Required action:
After locating the line that contains "豹猫戏蝶,凶萌互动,哈基米出山啦", quote it and all lines after it through the end of the entries, and nothing more. Pictures stay out.

Input material:

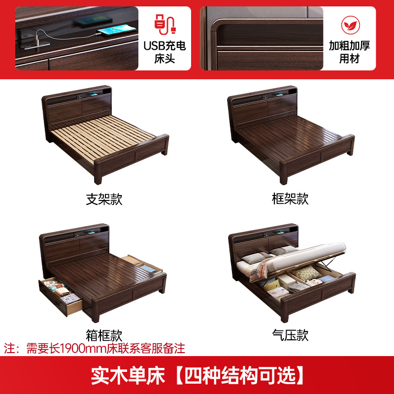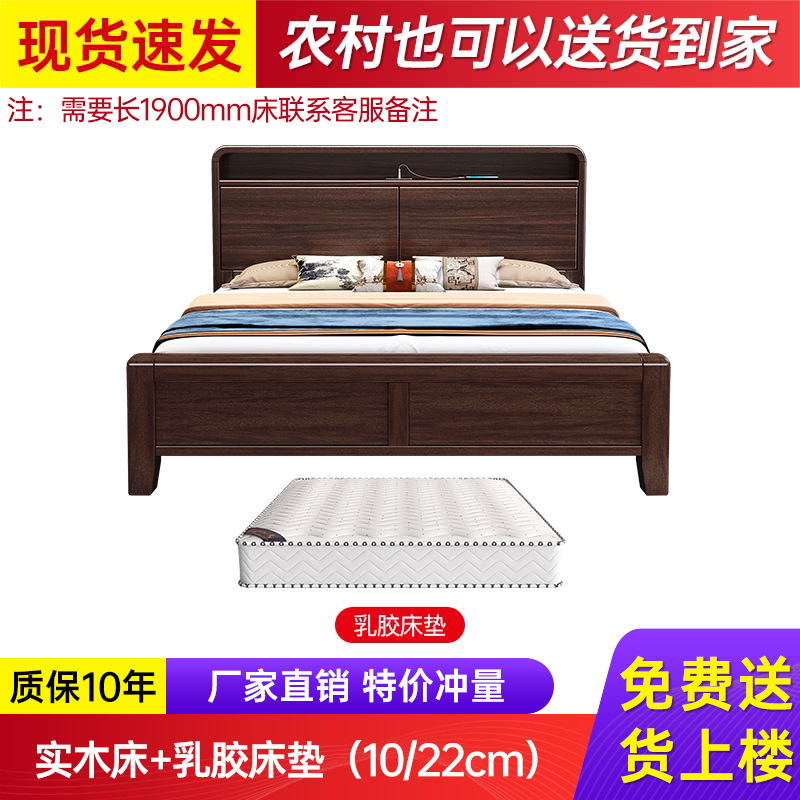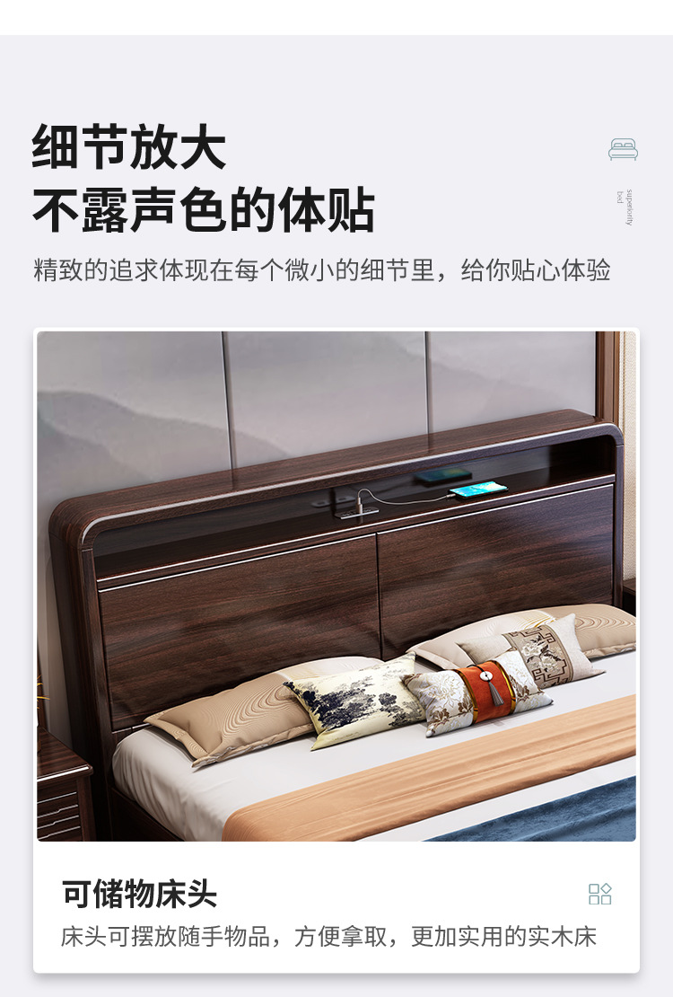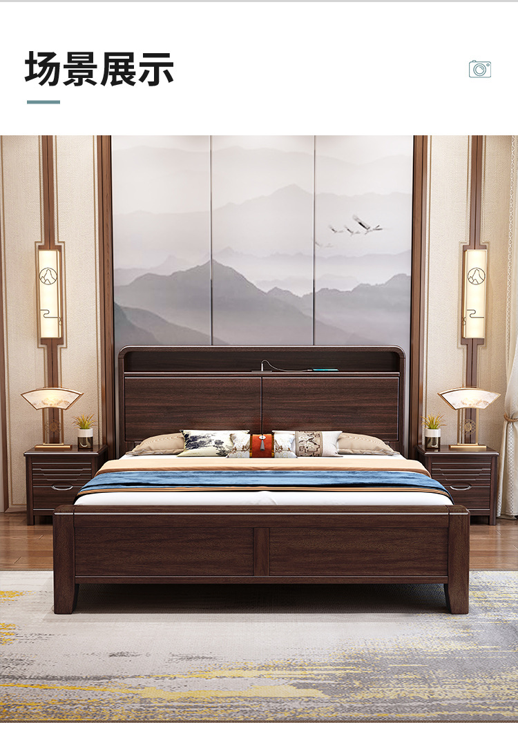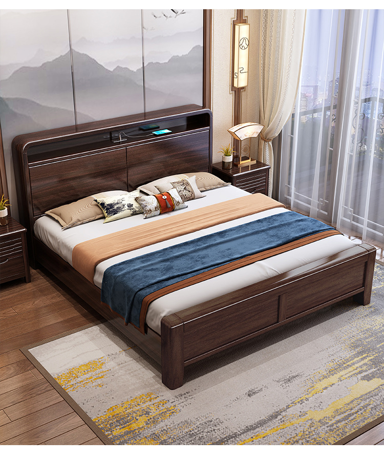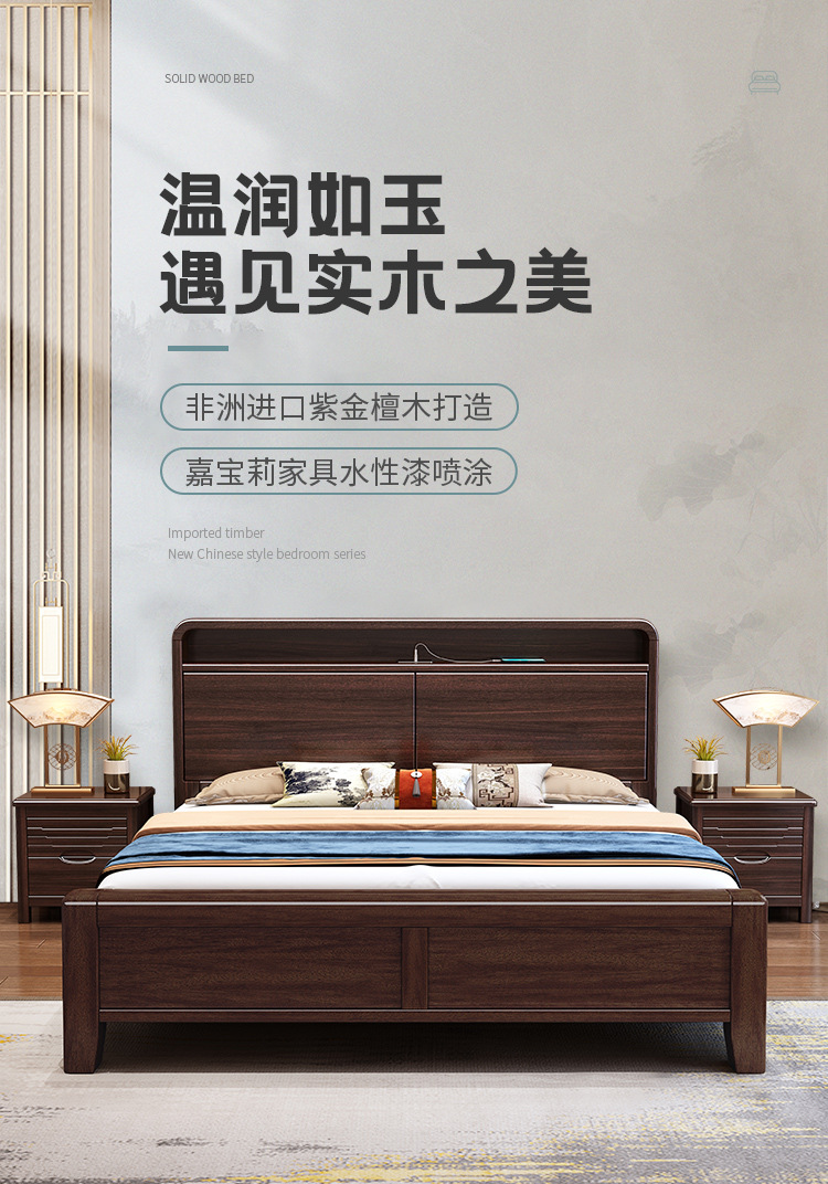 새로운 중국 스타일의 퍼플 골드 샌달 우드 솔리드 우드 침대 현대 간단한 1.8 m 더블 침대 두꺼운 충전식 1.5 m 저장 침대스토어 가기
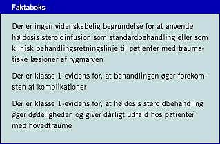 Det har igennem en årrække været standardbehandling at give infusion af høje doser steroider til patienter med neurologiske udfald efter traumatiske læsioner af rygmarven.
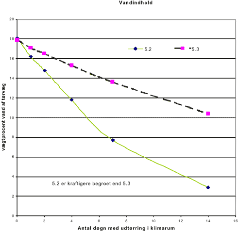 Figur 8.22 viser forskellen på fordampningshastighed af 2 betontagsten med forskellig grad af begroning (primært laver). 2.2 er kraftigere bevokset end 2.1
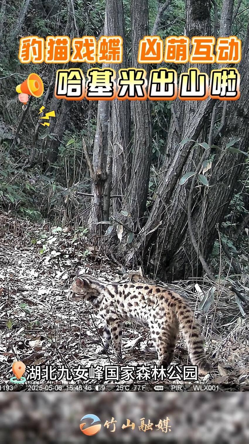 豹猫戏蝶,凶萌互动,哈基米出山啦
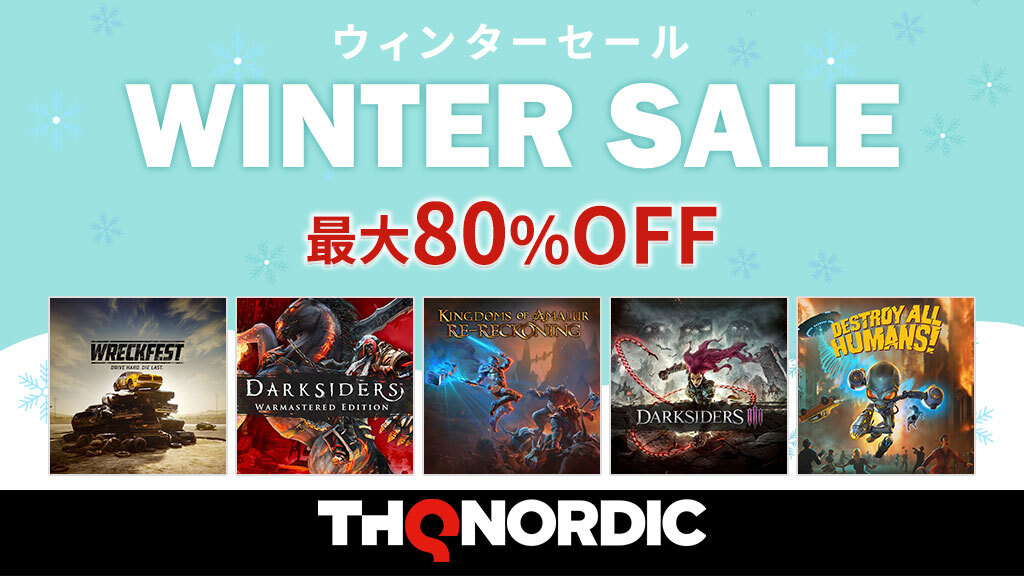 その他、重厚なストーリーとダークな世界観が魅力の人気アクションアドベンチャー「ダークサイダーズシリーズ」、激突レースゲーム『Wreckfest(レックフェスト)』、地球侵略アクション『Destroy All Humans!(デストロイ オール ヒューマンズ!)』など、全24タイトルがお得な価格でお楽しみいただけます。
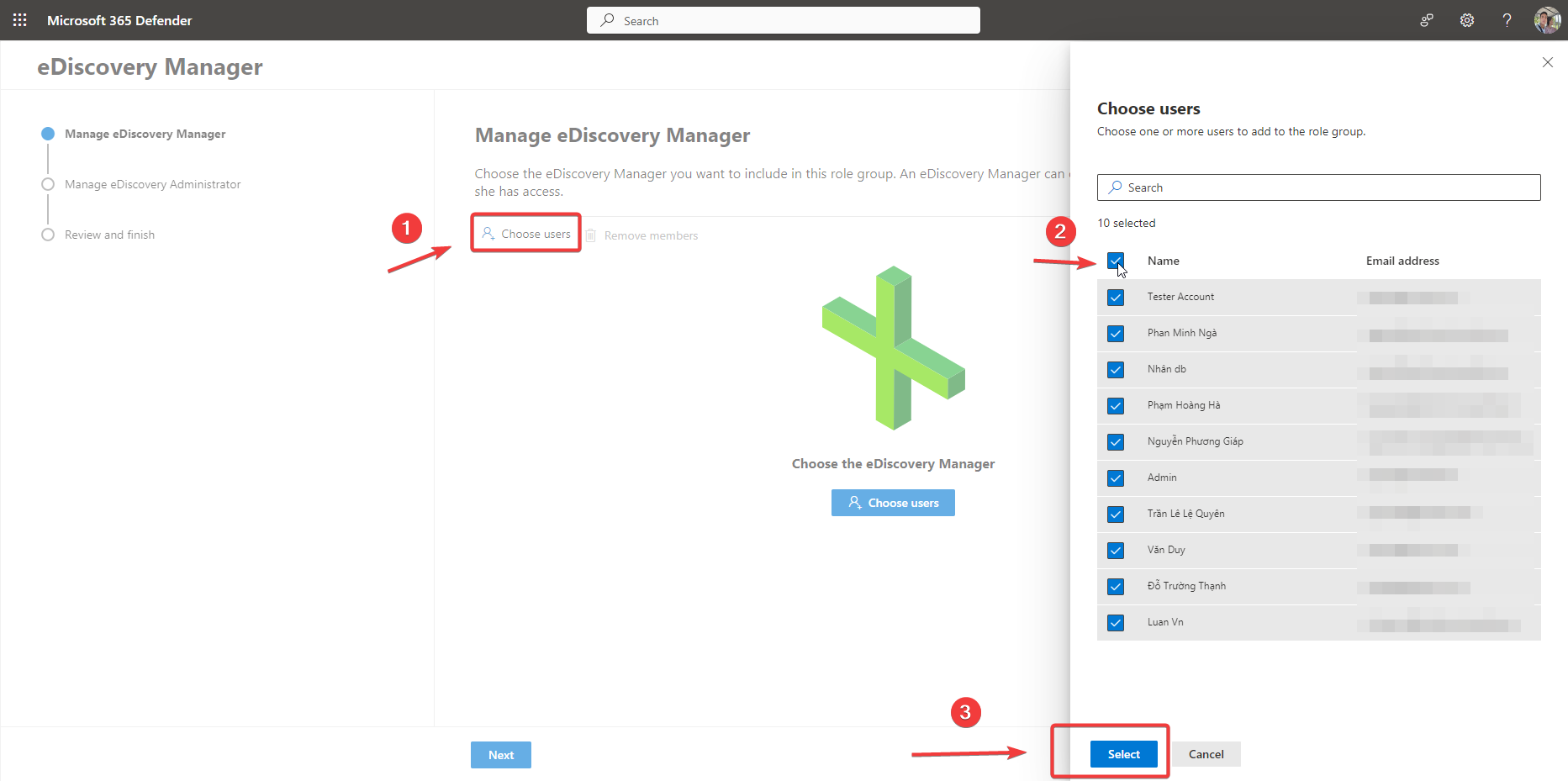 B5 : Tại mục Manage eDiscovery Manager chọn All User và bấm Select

Output of the exercise:
 豹猫戏蝶,凶萌互动,哈基米出山啦
 その他、重厚なストーリーとダークな世界観が魅力の人気アクションアドベンチャー「ダークサイダーズシリーズ」、激突レースゲーム『Wreckfest(レックフェスト)』、地球侵略アクション『Destroy All Humans!(デストロイ オール ヒューマンズ!)』など、全24タイトルがお得な価格でお楽しみいただけます。
 B5 : Tại mục Manage eDiscovery Manager chọn All User và bấm Select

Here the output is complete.